Ah Python, you have spoiled me for all other languages

Sun Jun 7 09:24:05 EDT 2015

On Sun, 7 Jun 2015 10:08 pm, Chris Angelico wrote:

> On Sun, Jun 7, 2015 at 9:42 PM, Steven D'Aprano <steve at pearwood.info>
> wrote:
>> My opinion is that a programming language like Python or ECMAScript
>> should operate on *code points*. If we want to call them "characters"
>> informally, that should be allowed, but whenever there is ambiguity we
>> should remember we're dealing with code points. The implementation
>> shouldn't matter: compliant Python interpreters might choose to use UTF-8
>> internally, or UTF-16, or UTF-32, or something else, and still agree on
>> how many characters a string contains. Normalisation is still an issue,
>> of course, but any decent Unicode implementation will include a way to
>> normalise or denormalise strings.
> 
> If by "normalise" you mean the NF[K]C/NF[K]D composition and
> decomposition, then yes, any decent Unicode library will provide that.

Dat's der bunny!

> I'm not sure it's critical to string handling itself, though; and
> Python defers the operation to the unicodedata module:
> 
>>>> s1 = "\N{LATIN SMALL LETTER A}\N{COMBINING ACUTE ACCENT}"
>>>> s2 = "\N{LATIN SMALL LETTER A WITH ACUTE}"
>>>> s1 == s2
> False
>>>> unicodedata.normalize("NFC", s1) == s2
> True
> 
> It's a useful operation to be able to do, but I would never expect
> that *string comparison* or other operations should automatically
> normalize.

I completely agree.

It might be convenient to have a string equality method that did
normalisation, but for most cases it would be unnecessary and slow.
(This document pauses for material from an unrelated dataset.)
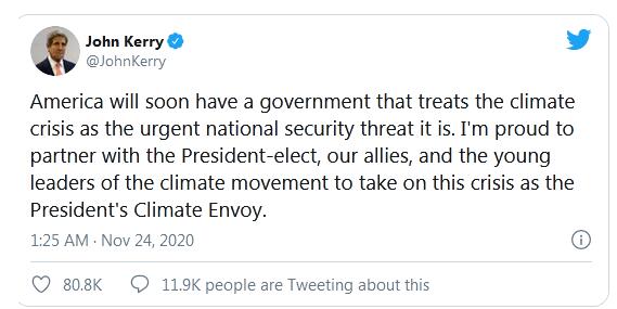 克里曾在2013年至2017年擔任奧巴馬政府國務卿。「美國很快就會有一個將氣候危機視為國家安全威脅的政府,我很榮幸能與當選總統,我們的盟友以及氣候運動的年輕領袖們合作,作為總統氣候特使來應對這場危機。」克里在推特上這樣說。
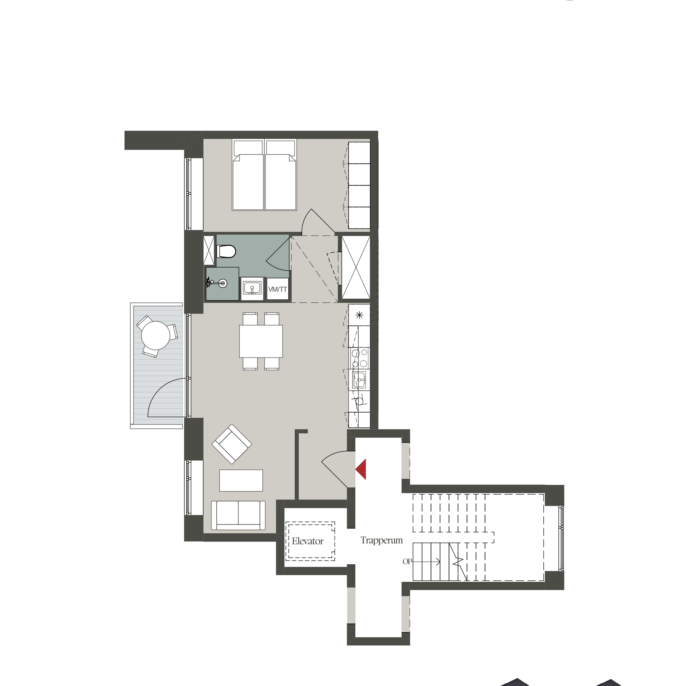 Lejligheden er bestående af en lille entré. Ligeud har vi badeværelset som er i lækre og moderne elementer og med en vaskesøjle.

I think
that's the sort of thing which should be left to a subclass of str, and it
should normalise on construction.

> (Unless you want to say that all strings are guaranteed to 
> be NFC/NFD normalized, such that s1 and s2 would actually be
> identical, which I suppose is plausible. I'm not sure what the
> advantage would be, though. And certainly you wouldn't want to
> K-normalize strings automatically.)

I believe that filenames on Apple file systems (HFS+ if I remember
correctly) are guaranteed to be both normalised and correctly encoded as
UTF-8. If you could live in a purely Apple world, you'd have far fewer
filename hassles.

-- 
Steven